Auch wenn Sie sich bei all diesen Risikofaktoren – hoffentlich – nicht angesprochen fühlen, empfehle ich Ihnen trotzdem zumindest einmal einen diagnostischen Blick auf Ihre Knochen werfen zu lassen.


Quellen:
Usategui-Martín R, De Luis-Román DA, Fernández-Gómez JM, Ruiz-Mambrilla M, Pérez-Castrillón JL. Vitamin D Receptor (VDR) Gene Polymorphisms Modify the Response to Vitamin D Supplementation: A Systematic Review and Meta-Analysis. Nutrients. 2022 Jan 15;14(2):360. doi: 10.3390/nu14020360. PMID: 35057541; PMCID: PMC8780067.

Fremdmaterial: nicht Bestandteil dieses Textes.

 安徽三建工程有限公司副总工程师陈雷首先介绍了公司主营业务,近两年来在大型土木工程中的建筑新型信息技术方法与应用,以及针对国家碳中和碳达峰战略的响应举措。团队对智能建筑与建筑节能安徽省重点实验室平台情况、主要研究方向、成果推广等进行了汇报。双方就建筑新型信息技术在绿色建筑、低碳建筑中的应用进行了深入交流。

Li Y, Zhao P, Jiang B, Liu K, Zhang L, Wang H, Tian Y, Li K, Liu G. Modulation of the vitamin D/vitamin D receptor system in osteoporosis pathogenesis: insights and therapeutic approaches. J Orthop Surg Res. 2023 Nov 13;18(1):860. doi: 10.1186/s13018-023-04320-4. PMID: 37957749; PMCID: PMC10644527.

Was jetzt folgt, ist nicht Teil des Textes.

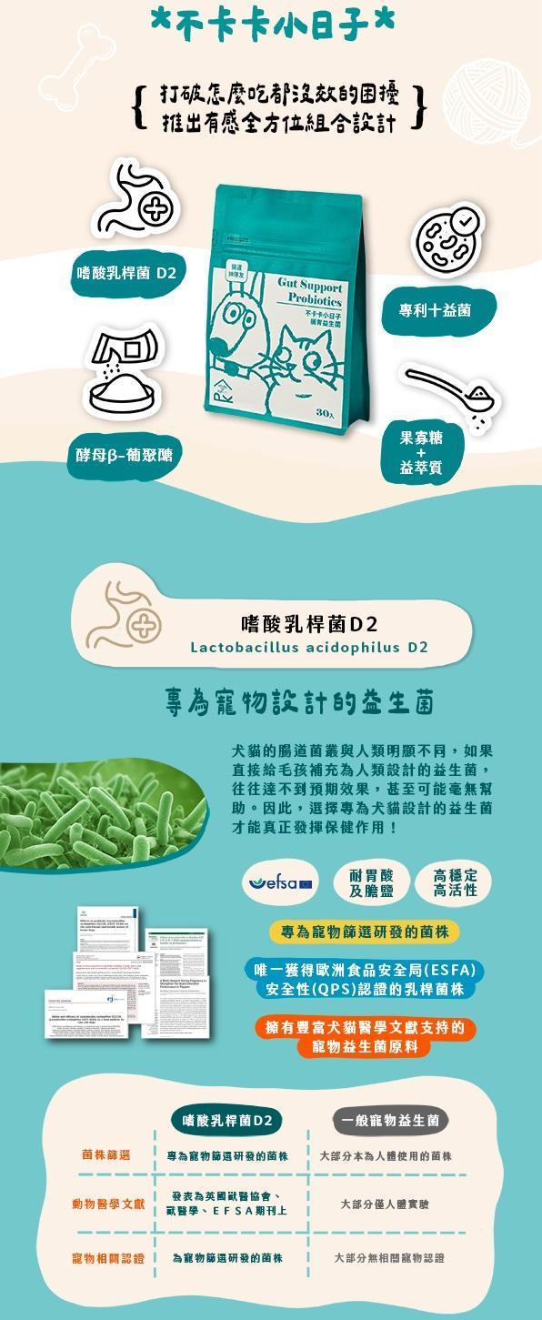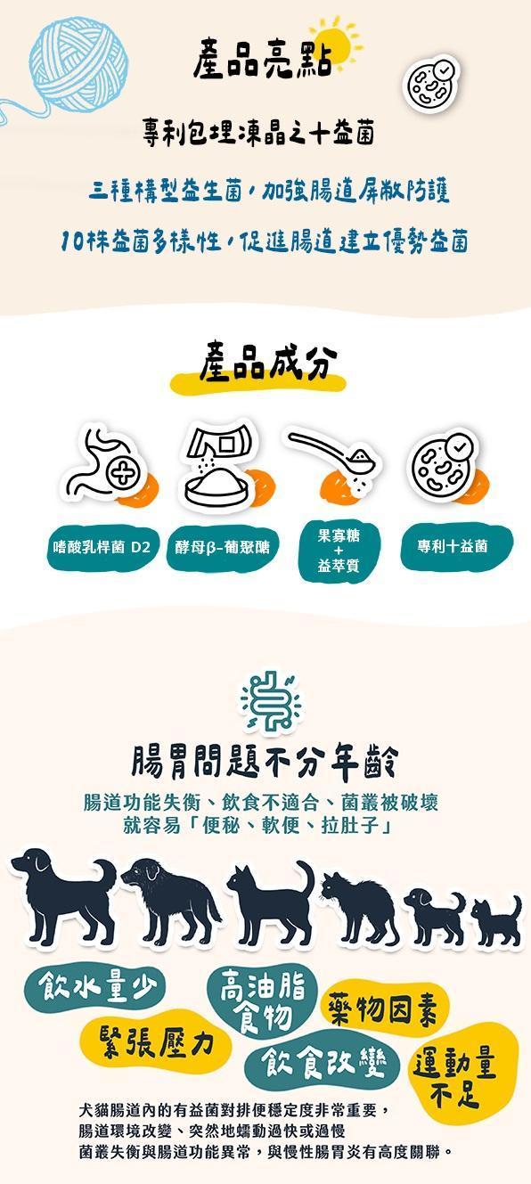 ✦ 寵物專用益生菌 ➔ 嗜酸乳桿菌D2 + 十益菌,共11株菌,守護腸胃健康

Wimalawansa SJ. Physiological Basis for Using Vitamin D to Improve Health. Biomedicines. 2023 May 26;11(6):1542. doi: 10.3390/biomedicines11061542. PMID: 37371637; PMCID: PMC10295227.


Über die Autorin:


"Kyra Kauffmann, Jahrgang 1971, Mutter zweier kleiner Söhne, Volkswirtin, seit 20 Jahren niedergelassene Heilpraktikerin, Buchautorin, Dozentin, Journalistin und seit 3 Jahren begeisterte Medizinstudentin.

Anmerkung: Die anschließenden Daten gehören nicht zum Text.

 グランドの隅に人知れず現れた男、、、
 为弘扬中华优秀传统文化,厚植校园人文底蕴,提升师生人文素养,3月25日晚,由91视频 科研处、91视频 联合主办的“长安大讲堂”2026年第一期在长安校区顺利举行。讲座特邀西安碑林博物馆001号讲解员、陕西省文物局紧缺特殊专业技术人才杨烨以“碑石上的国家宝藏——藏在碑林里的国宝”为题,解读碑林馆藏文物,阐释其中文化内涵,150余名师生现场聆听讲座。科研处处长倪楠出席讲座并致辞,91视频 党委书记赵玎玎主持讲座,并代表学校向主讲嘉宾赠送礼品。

Zur Medizin kam ich durch meine eigene schwere Erkrankung mit Anfang 30, bei der mir seinerzeit kein Arzt wirklich helfen konnte. („Ihre Werte sind alle super – es ist alles rein psychisch!“). Hilfe bekam ich von Heilpraktikern, die zunächst einmal eine wirklich gründliche Labordiagnostik durchgeführt haben, ganz nach dem Vorbild von Dr. Ulrich Strunz. Es war eine neue Welt, die sich mir eröffnete und die Erkenntnisse, haben mich sofort fasziniert (ohnehin bin ich ein Zahlen-Daten-Fakten-Fan und habe nicht umsonst das Studium der VWL gewählt). Die Begeisterung war so groß, dass ich meinen alten Beruf an den Nagel hängte und Heilpraktikerin wurde. Meine Praxis führe ich seit 20 Jahren mit großer Begeisterung und bin – natürlich - auf Labordiagnostik spezialisiert und kann so oft vielen Symptomen auf den Grund gehen. In 2 Jahren hoffentlich dann auch als Ärztin.